Problem to work on
Beginning with the line that contains "7月16日 木曜日 一年生は、初めて英語の学習をしました。アメリカから" and ending with the line that contains "Rudolf Schemel |", reproduce the lines of the entries below exactly, omitting pictures.

Task material
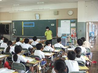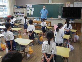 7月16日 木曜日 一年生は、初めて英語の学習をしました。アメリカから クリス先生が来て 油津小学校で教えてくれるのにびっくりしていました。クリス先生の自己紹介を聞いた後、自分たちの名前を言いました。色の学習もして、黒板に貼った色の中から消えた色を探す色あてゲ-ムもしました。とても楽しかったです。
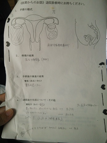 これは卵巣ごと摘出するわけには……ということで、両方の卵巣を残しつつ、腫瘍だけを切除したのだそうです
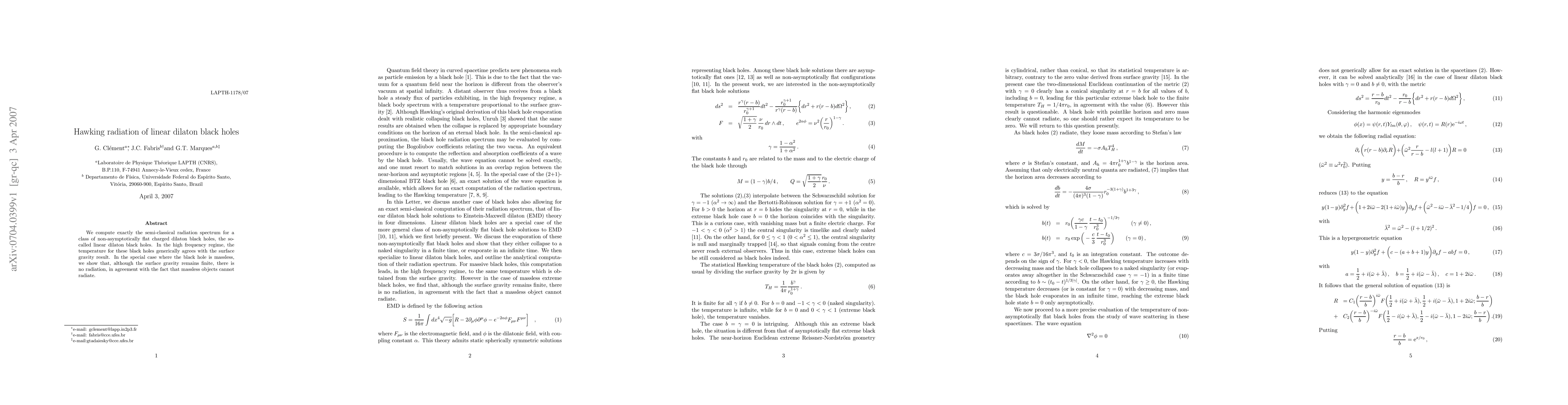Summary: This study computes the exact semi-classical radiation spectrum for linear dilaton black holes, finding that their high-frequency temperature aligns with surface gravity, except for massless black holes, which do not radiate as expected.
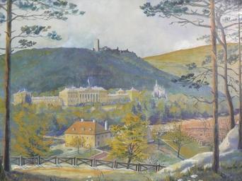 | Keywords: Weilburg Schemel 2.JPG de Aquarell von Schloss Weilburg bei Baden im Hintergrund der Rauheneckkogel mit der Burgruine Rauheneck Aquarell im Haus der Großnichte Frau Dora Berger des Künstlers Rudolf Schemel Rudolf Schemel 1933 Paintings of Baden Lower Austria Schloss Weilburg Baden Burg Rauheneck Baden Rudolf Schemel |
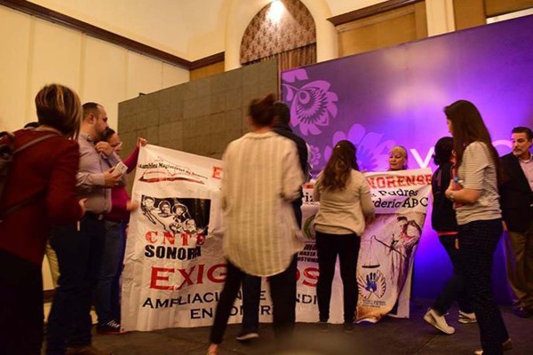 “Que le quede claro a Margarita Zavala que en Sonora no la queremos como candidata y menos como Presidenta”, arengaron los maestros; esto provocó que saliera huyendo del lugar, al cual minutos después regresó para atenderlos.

---

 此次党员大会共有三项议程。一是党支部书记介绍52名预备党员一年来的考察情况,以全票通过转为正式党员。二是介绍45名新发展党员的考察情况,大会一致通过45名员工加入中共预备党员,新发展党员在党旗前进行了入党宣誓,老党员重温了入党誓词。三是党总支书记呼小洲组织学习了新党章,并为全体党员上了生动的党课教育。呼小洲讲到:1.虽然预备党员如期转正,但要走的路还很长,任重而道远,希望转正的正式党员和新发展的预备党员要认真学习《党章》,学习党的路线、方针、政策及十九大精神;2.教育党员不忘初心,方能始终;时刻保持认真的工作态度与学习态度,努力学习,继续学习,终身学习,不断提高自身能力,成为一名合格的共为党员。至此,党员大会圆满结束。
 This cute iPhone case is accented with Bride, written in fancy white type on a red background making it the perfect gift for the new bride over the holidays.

Written reply
 7月16日 木曜日 一年生は、初めて英語の学習をしました。アメリカから クリス先生が来て 油津小学校で教えてくれるのにびっくりしていました。クリス先生の自己紹介を聞いた後、自分たちの名前を言いました。色の学習もして、黒板に貼った色の中から消えた色を探す色あてゲ-ムもしました。とても楽しかったです。
 これは卵巣ごと摘出するわけには……ということで、両方の卵巣を残しつつ、腫瘍だけを切除したのだそうです
Summary: This study computes the exact semi-classical radiation spectrum for linear dilaton black holes, finding that their high-frequency temperature aligns with surface gravity, except for massless black holes, which do not radiate as expected.
 | Keywords: Weilburg Schemel 2.JPG de Aquarell von Schloss Weilburg bei Baden im Hintergrund der Rauheneckkogel mit der Burgruine Rauheneck Aquarell im Haus der Großnichte Frau Dora Berger des Künstlers Rudolf Schemel Rudolf Schemel 1933 Paintings of Baden Lower Austria Schloss Weilburg Baden Burg Rauheneck Baden Rudolf Schemel |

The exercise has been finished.